WORK TO COMPLETE: Using the listing below, set down each line from the line containing "Москва. 24 января." through the line containing "新北市新莊區頭前路113號9樓 AM9:00-PM5:00 |", both ends included, exactly and with nothing added.

SUPPLIED MATERIAL:
=== Section Start ===
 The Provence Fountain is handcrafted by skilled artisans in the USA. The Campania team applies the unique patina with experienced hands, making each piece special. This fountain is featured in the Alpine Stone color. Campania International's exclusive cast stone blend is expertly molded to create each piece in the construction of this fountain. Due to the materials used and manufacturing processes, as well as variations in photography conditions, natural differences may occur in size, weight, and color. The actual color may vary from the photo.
=== Section End ===
=== Section Start ===
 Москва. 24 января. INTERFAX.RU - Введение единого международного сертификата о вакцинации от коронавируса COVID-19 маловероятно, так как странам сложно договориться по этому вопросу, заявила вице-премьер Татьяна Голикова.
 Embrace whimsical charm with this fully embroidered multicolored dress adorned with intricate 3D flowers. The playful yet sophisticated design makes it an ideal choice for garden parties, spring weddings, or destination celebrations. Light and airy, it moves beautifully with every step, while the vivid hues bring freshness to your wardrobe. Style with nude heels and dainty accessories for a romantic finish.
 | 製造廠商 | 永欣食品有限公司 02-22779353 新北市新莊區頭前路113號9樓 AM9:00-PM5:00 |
=== Section End ===
EXERCISE RESULT:
 Москва. 24 января. INTERFAX.RU - Введение единого международного сертификата о вакцинации от коронавируса COVID-19 маловероятно, так как странам сложно договориться по этому вопросу, заявила вице-премьер Татьяна Голикова.
 Embrace whimsical charm with this fully embroidered multicolored dress adorned with intricate 3D flowers. The playful yet sophisticated design makes it an ideal choice for garden parties, spring weddings, or destination celebrations. Light and airy, it moves beautifully with every step, while the vivid hues bring freshness to your wardrobe. Style with nude heels and dainty accessories for a romantic finish.
 | 製造廠商 | 永欣食品有限公司 02-22779353 新北市新莊區頭前路113號9樓 AM9:00-PM5:00 |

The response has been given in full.